Il rapporto oceanografico

A riferire di “condizioni degradanti nella popolazione di cozze e ostriche” è Dennis Apeti, autore principale del rapporto e oceanografo con i Centri nazionali per la scienza dell’oceano costiero del National Ocean Service. Peraltro è sempre Apeti ad affermare che le conclusioni del rapporto riflettono solo un numero limitato di parassiti e malattie che possono colpire i bivalvi. Ci sarebbero cioè altre analisi dei tessuti nei molluschi che il rapporto in questione non ha neppure valutato.

Entrando più nello specifico, il rapporto fornisce tendenze sia nazionali che regionali. Vediamo quindi quali sono le aree geografiche entrate nella lista nera, per quanto riguarda sia cozze che ostriche. Le ostriche del Golfo del Messico e lungo la costa orientale sembra abbiano mostrato livelli di parassiti più elevati rispetto a quelli di Puerto Rico o Hawaii.
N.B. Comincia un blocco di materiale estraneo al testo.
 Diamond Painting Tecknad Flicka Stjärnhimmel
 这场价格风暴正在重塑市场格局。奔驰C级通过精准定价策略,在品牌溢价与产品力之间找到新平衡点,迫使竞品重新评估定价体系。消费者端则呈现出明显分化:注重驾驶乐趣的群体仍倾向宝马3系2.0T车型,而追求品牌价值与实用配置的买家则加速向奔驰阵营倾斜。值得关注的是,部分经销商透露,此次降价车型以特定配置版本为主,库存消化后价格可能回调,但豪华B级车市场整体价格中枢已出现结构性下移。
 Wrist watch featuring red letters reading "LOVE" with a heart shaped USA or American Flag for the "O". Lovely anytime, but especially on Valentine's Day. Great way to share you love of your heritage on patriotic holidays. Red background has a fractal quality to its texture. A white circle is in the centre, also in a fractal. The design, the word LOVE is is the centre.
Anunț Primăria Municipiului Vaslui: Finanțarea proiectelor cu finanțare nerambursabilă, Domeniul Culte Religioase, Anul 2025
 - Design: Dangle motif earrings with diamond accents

Quanto poi alle cozze, quelle della cosiddetta West Coast hanno presentato livelli di parassiti significativamente più alti rispetto alle cozze della East Coast. Le cozze zebra, invece, che popolano le acque dei Grandi Laghi, sembra ospitino un livello inferiore di  parassiti ,oltre a presentare un numero significativamente inferiore di casi di malattia, rispetto a tutti gli altri bivalvi studiati.

Criteri di scelta

Senza dubbio un quadro sconfortante quello che esce fuori dal National Oceanic and Atmospheric Administration (NOAA). Vale a dire l’agenzia federale statunitense che studia le dinamiche meteorologiche e le correnti oceaniche. Attenzione dunque amanti del pesce a consumare, con superficialità, cozze alla marinara o piatti super d’impepate di cozze. Del pari, non sarebbe minimamente da prendere in considerazione il consumo di cozze crude, provenienti da chissà dove e magari impiattate dal primo ristorante che capita a tiro in vacanza.
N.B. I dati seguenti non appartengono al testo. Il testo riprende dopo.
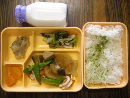 磯香ごはん・いかと野菜の煮物・小松菜としめじの塩炒め・鶏肉の七味焼き・
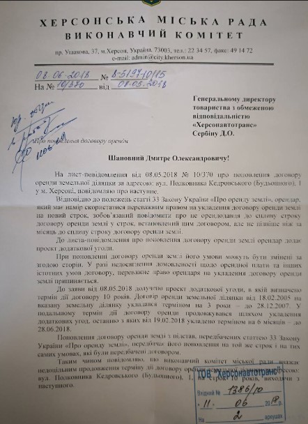Напомним, что земельный участок под имущественным комплексом автовокзала и территория его обслуживания выделялись решением исполкома Херсонского городского совета трудящих No28 от 22.01.1969 с площадью земельного участка 4 га. В последующем «Херсонавтотранс» осуществлял пользование земельным участком в соответствии с актом на право постоянного пользования землей I-XC No002187 от 18.06.1996. Далее, как и полагается законному пользователю заключил договор аренды на 10 лет. В декабре 2017 года депутаты продлили договор аренды «Хесонавтотрансу» только лишь на полгода без видимых причин.
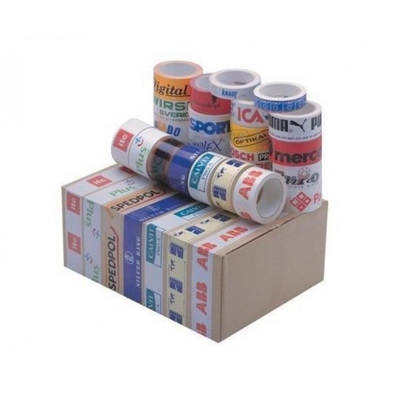 Promocijski PP Hot-Melt pakirni lepilni trak z promocijskim logotipom. Dvobarvni tisk na beli oz clear iz visoko kakovostnega Poly-propilenske folije, debelina filma 28.mic, skupne debeline 49.mic, izdelava klišeja, 360.rolic

Se invece si appartiene alla schiera di coloro che preferiscono cucinare in casa, un utile suggerimento sta  nel leggere attentamente la provenienza dei mitili. In ogni confezione infatti deve essere apposta  un’etichetta tale da consentire la tracciabilità dell’origine delle cozze. Altro sistema per stare un po’ più tranquilli sta nell’appurare l’esistenza di apposita certificazione di prodotto per la filiera. Certificazioni poi non così frequenti, se si considera che ad esempio in Sardegna sembra esistere una sola azienda ad aver ottenuto questa preziosa certificazione.